[Information — start]
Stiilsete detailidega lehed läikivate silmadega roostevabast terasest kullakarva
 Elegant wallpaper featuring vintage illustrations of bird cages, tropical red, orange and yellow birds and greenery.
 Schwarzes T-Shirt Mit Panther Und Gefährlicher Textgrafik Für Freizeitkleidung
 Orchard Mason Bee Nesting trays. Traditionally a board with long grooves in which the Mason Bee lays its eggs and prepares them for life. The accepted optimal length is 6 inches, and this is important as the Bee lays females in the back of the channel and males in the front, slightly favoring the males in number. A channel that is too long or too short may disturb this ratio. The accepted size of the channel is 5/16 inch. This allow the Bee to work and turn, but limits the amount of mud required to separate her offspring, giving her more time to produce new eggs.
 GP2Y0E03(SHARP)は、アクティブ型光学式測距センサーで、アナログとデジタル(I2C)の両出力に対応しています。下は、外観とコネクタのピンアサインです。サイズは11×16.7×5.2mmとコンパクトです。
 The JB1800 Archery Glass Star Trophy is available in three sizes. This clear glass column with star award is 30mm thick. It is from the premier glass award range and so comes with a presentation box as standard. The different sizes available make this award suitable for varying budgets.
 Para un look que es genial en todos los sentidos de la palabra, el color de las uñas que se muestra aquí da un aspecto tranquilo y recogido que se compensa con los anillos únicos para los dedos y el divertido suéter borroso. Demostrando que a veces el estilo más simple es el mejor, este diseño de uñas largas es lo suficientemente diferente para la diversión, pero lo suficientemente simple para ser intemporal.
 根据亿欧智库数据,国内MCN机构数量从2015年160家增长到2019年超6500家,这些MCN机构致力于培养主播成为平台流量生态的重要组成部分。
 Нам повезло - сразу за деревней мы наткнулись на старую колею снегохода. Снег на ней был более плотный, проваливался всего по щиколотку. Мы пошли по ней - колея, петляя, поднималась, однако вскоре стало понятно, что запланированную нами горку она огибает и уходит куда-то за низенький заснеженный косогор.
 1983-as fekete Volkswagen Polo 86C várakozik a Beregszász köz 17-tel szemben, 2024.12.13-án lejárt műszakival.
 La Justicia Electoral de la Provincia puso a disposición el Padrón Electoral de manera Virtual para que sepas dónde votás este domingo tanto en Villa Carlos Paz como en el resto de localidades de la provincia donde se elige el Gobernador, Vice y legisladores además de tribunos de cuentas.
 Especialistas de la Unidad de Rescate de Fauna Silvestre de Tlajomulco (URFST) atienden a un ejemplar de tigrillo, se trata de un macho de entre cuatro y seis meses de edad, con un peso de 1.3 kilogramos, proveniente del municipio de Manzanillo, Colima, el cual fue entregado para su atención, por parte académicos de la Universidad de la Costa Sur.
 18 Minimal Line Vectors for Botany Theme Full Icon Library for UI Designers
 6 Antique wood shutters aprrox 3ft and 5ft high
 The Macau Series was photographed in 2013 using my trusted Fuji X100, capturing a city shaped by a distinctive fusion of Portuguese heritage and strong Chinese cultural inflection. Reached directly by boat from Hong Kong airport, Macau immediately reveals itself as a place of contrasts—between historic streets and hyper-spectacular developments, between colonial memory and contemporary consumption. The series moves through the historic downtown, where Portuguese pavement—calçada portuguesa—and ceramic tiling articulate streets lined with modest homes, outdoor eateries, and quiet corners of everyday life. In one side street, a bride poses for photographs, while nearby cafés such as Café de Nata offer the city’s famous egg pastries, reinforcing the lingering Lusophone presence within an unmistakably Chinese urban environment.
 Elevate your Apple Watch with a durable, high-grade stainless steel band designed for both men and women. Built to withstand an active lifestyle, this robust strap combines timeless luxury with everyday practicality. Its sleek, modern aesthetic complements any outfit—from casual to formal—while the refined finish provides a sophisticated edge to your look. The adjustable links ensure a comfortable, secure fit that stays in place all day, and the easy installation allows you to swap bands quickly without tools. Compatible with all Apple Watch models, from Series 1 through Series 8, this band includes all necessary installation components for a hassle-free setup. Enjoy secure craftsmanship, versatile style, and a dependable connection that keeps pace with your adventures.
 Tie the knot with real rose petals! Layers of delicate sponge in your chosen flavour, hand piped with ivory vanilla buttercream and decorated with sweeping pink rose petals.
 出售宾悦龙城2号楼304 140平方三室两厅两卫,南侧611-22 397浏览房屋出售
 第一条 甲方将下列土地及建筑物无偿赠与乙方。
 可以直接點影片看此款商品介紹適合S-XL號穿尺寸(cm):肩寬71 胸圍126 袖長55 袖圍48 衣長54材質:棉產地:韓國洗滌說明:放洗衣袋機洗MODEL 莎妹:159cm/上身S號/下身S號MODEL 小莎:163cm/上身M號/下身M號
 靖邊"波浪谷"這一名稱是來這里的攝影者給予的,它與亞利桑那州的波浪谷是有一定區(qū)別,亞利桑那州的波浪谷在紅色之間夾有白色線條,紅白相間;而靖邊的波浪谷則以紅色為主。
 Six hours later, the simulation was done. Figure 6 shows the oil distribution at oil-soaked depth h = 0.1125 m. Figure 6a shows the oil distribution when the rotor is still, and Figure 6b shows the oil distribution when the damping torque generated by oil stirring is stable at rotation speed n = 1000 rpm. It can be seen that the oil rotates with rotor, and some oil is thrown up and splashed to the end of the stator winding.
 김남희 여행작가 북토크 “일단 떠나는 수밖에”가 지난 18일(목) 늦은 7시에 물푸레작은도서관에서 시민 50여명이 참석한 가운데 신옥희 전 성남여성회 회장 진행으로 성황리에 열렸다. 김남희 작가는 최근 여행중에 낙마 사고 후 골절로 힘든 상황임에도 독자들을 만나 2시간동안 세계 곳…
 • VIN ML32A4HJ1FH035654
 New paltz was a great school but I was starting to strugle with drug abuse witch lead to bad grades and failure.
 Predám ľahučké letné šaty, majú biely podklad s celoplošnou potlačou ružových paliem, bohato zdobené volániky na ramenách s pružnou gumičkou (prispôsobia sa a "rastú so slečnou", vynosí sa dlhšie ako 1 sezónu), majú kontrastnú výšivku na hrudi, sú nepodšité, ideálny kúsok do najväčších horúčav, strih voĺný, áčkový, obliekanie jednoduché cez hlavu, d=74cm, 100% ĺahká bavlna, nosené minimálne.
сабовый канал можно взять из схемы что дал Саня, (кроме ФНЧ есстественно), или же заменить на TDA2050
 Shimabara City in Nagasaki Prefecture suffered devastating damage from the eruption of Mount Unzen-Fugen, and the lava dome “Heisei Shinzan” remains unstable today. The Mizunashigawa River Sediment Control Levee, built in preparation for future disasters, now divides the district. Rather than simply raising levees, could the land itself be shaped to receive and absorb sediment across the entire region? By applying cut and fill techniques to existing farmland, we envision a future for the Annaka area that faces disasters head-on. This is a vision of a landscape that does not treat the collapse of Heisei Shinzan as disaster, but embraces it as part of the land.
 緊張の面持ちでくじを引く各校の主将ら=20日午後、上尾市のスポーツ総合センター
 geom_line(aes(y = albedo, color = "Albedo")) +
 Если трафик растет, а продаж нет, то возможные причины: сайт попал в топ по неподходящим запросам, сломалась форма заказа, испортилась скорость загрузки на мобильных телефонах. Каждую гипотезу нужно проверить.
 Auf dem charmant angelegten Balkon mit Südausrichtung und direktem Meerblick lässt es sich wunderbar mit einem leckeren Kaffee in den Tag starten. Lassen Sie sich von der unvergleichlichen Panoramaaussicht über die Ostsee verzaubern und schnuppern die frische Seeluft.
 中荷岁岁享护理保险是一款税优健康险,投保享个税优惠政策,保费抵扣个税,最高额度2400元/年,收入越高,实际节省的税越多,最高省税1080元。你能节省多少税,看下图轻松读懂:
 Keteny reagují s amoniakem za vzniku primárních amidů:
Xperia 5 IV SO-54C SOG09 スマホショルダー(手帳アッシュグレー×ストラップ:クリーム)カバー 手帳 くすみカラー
[Information — finish]
## Task goal
What is wanted is every line from the first line of the entries through the line that contains "Schwarzes T-Shirt Mit", given again exactly.

## Exercise response
Stiilsete detailidega lehed läikivate silmadega roostevabast terasest kullakarva
 Elegant wallpaper featuring vintage illustrations of bird cages, tropical red, orange and yellow birds and greenery.
 Schwarzes T-Shirt Mit Panther Und Gefährlicher Textgrafik Für Freizeitkleidung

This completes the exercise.